The unions have rallied — and largely won — for money to be spent on endlessly reducing classroom sizes (presumably unsatisfied until we are practically educating one-to-one), increasing teachers’ pay (presumably until it’s in line with doctors), and amassing an army of support staff in schools.

In contrast to these priorities, parents say that they want to see better facilities and more extra-curricular activities offered at their chosen schools. This could be because funding for capital works is around one-eleventh of that of the spending on staffing. And extra-curriculars are generally paid for out of parents’ own pockets and in their own time.

The research also found that a considerable proportion of parents regret their choice of a school for their children, with around 40% saying they either would not choose the same school again or were unsure if they would.

This means that around 1.6 million students are enrolled in a school that their parents aren’t happy with. However, some appear to be happier than others.

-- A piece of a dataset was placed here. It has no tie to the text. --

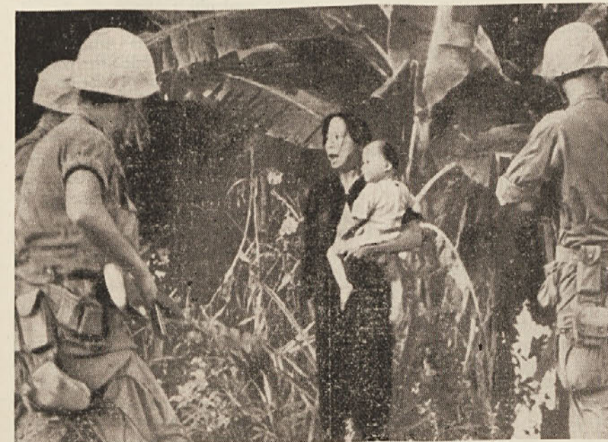
Strahoten prizor iz vietnamske tragedije. Možje in fantje se kot partizani borijo proti agresorju, žene in otroci so se zatekli v gozdove, kjer iščejo zavetje, saj domov ne morejo in ga niti več nimajo. Tem ljudem bo tudi naša mladina priskočila na pomoč. Darovala bo kri za ranjene borce

Iz sestavka Ignacija Ote pa povzemamo naslednje: Pevski zbor «Vasilij Mirk» je imel v minuli sezoni 17 nastopov. Na tekmovanju zborov v Gorici je zbor dosegel 3. mesto. Veliko zadoščenje je zbor imel z nastopom v dvorani Slovenske Filharmonije v Ljubljani. Zbor je nastopil tudi na Reki ter prenetil tamkajšnjo javnost.
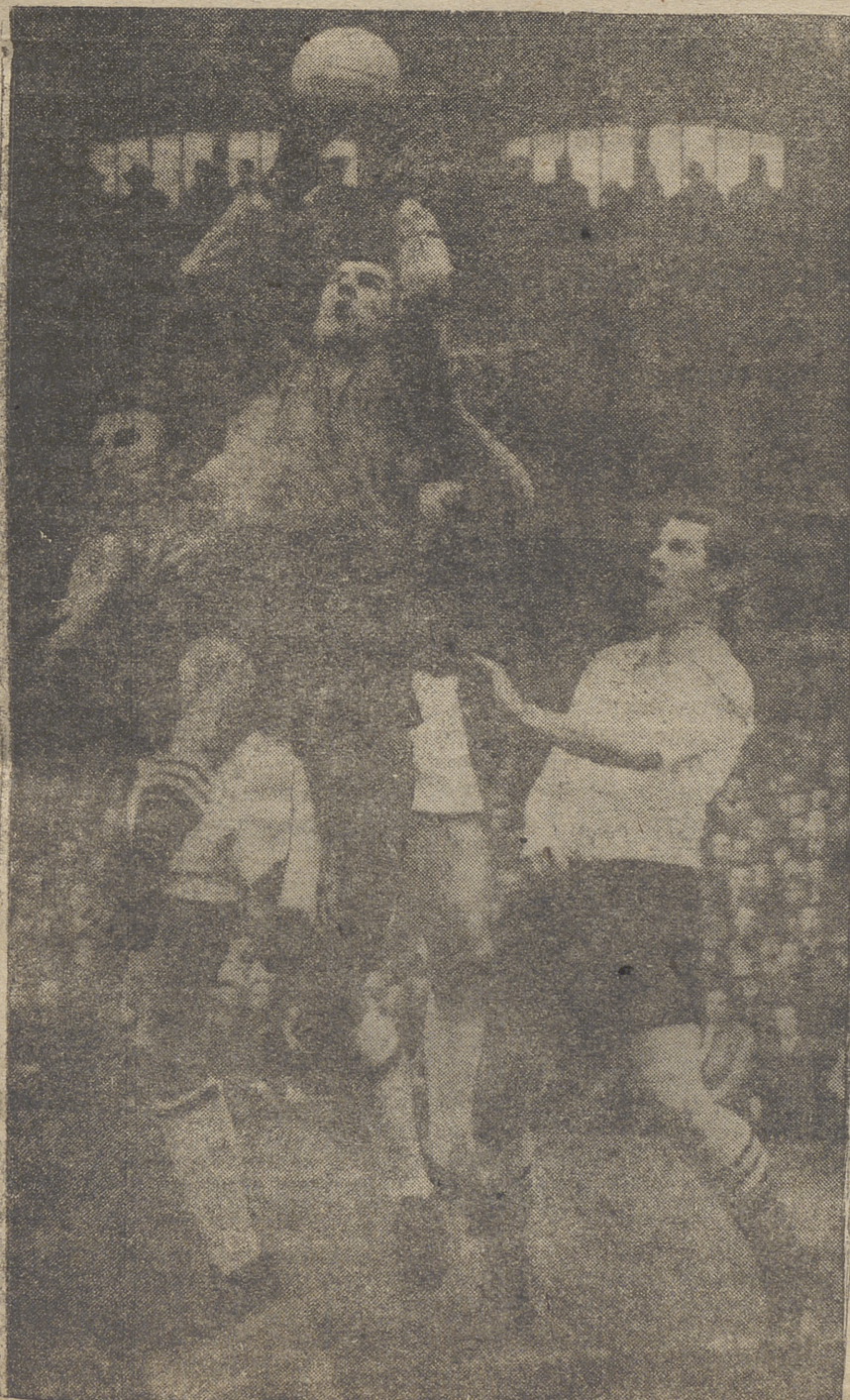
He aquí una foto bonita y expresiva. El tema surgió en un entrenamiento

Unsurprisingly, those that felt limited in their choice — around two-thirds of surveyed parents — are less satisfied with the school their child is in.

Those that chose a non-government school, for instance, appear to be happier with their choice. This appears to be linked with findings of higher levels of confidence in how funding is being used in non-government schools, compared to their government school peers.

And parents who sought independent sources of information to help with their choice of school — like meeting with school staff, visiting school websites, and checking the MySchool website — are more likely to be happier with their choice. As the old adage goes, more informed shoppers are happier shoppers.

When it comes to school funding and school choice, this research is a poor report card on policymakers in state and federal government. It’s past time for governments to listen to the message that parents want to see a spending shakeup and that more choice is indispensable to educational improvements.

Glenn Fahey is a research fellow in the education program at The Centre for Independent Studies.